→ **DATASET ENTRIES**:
==============================

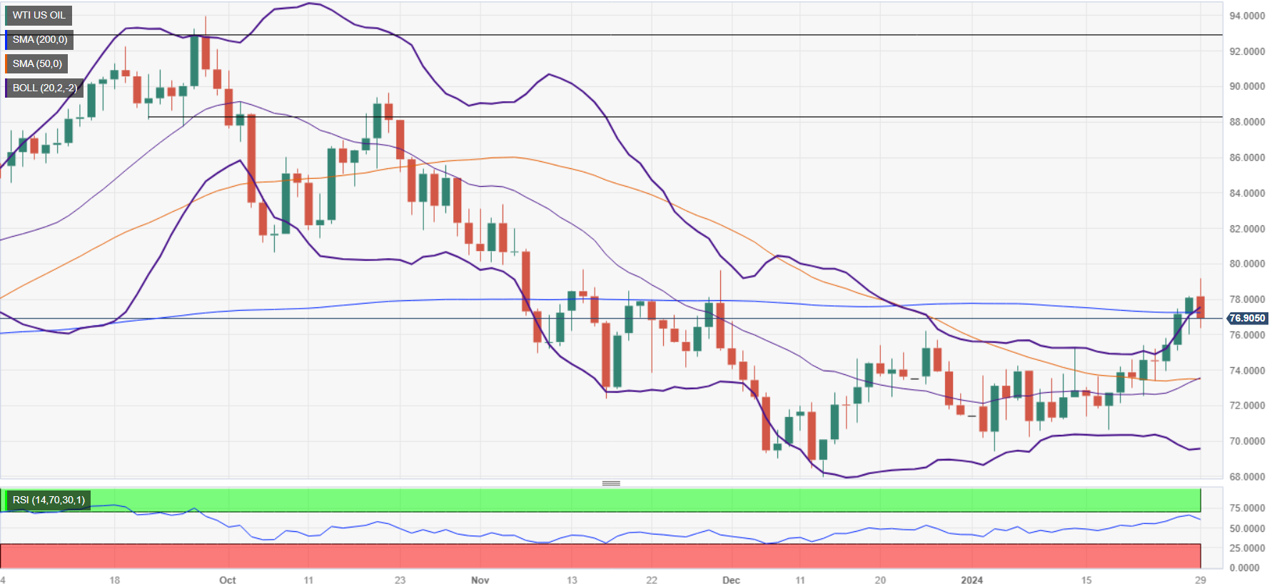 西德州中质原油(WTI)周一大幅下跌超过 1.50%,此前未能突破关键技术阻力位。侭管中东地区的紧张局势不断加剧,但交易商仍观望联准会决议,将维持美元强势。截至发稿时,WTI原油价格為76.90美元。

==============================

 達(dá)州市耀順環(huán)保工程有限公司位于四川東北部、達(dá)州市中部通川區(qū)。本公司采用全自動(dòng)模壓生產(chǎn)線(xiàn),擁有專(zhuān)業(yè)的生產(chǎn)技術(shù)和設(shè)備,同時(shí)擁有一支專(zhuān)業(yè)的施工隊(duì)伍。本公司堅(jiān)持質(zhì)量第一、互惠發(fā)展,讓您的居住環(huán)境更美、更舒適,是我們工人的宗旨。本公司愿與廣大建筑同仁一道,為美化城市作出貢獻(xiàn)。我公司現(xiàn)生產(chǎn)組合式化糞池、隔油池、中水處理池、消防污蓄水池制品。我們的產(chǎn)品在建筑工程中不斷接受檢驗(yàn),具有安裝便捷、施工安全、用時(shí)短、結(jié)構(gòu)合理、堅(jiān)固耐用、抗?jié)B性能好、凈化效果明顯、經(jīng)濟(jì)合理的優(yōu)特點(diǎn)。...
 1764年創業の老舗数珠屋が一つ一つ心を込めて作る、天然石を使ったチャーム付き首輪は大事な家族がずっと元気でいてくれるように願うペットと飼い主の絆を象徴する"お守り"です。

==============================

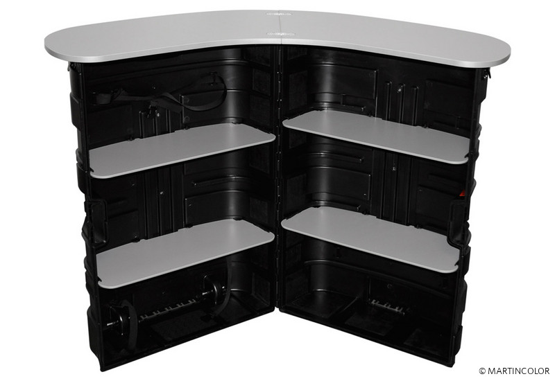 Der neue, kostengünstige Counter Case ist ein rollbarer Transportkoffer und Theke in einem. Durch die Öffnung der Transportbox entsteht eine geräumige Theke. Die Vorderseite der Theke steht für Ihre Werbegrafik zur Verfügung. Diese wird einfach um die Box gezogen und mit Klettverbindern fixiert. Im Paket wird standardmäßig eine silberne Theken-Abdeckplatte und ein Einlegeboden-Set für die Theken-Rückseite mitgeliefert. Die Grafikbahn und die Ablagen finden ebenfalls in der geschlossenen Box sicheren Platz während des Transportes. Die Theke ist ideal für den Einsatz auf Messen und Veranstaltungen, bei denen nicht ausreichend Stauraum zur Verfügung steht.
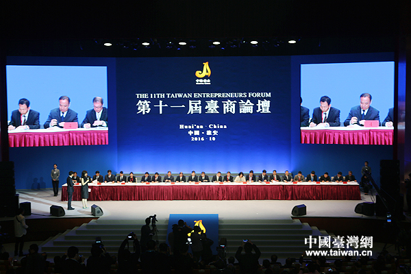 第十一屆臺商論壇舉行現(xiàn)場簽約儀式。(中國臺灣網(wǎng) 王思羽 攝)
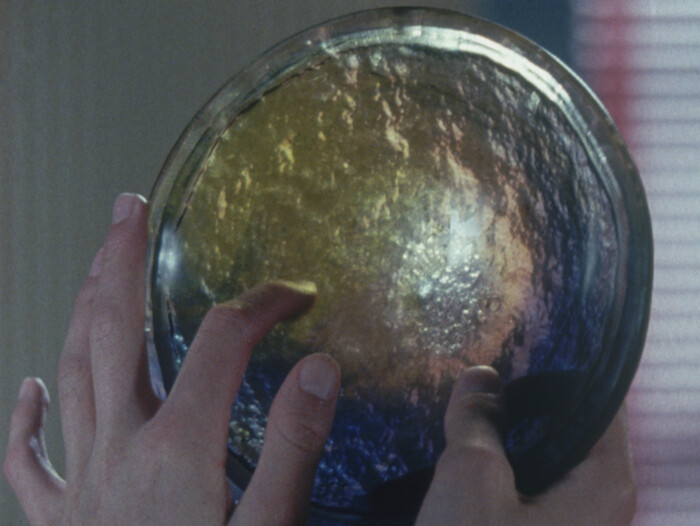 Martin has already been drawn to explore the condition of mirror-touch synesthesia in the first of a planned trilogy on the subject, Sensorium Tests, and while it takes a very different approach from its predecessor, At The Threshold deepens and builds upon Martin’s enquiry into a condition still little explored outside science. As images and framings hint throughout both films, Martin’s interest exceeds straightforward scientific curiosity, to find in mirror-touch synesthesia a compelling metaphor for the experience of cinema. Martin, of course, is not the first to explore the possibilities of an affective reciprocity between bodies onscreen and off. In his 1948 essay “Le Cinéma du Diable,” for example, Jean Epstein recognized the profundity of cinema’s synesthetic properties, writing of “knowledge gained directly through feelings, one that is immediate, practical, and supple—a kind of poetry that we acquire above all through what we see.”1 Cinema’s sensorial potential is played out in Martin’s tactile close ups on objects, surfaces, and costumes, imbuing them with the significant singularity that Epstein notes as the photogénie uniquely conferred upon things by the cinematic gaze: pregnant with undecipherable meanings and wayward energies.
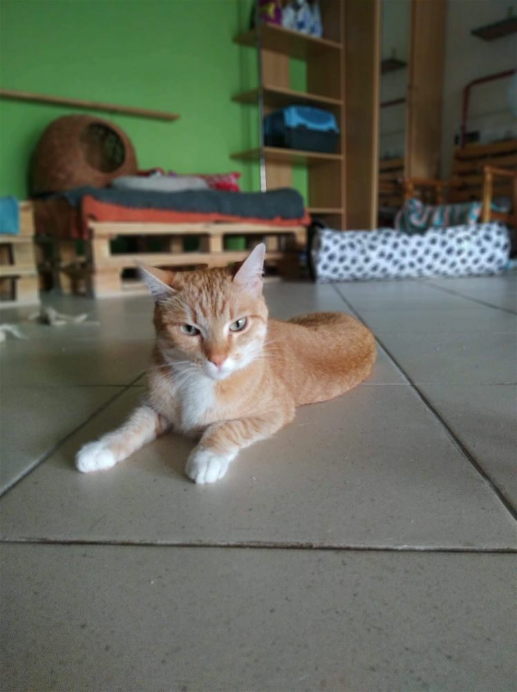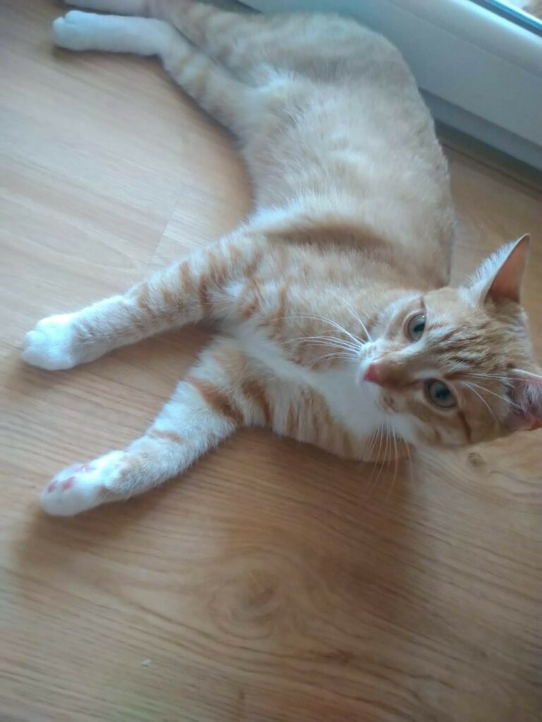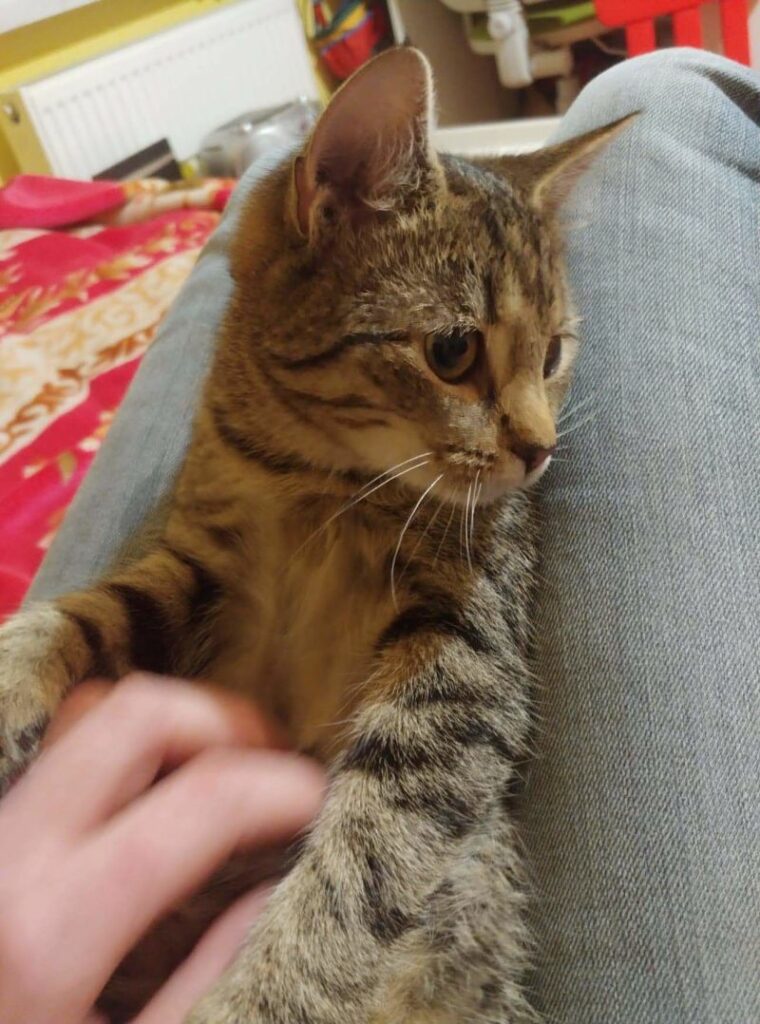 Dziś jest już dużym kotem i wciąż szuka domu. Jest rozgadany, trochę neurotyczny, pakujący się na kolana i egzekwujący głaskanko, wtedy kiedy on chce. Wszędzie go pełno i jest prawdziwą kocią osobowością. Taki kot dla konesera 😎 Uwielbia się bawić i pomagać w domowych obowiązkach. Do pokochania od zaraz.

==============================

→ **WORK TO COMPLETE**:
Copy everything above from the line holding "Der neue, kostengünstige" down to the line holding "第十一屆臺商論壇舉行現(xiàn)場簽約儀式。(中國臺灣網(wǎng) 王思羽 攝)", both ends included, exactly as it stands and without the pictures.

→ **TASK RESPONSE**:
 Der neue, kostengünstige Counter Case ist ein rollbarer Transportkoffer und Theke in einem. Durch die Öffnung der Transportbox entsteht eine geräumige Theke. Die Vorderseite der Theke steht für Ihre Werbegrafik zur Verfügung. Diese wird einfach um die Box gezogen und mit Klettverbindern fixiert. Im Paket wird standardmäßig eine silberne Theken-Abdeckplatte und ein Einlegeboden-Set für die Theken-Rückseite mitgeliefert. Die Grafikbahn und die Ablagen finden ebenfalls in der geschlossenen Box sicheren Platz während des Transportes. Die Theke ist ideal für den Einsatz auf Messen und Veranstaltungen, bei denen nicht ausreichend Stauraum zur Verfügung steht.
 第十一屆臺商論壇舉行現(xiàn)場簽約儀式。(中國臺灣網(wǎng) 王思羽 攝)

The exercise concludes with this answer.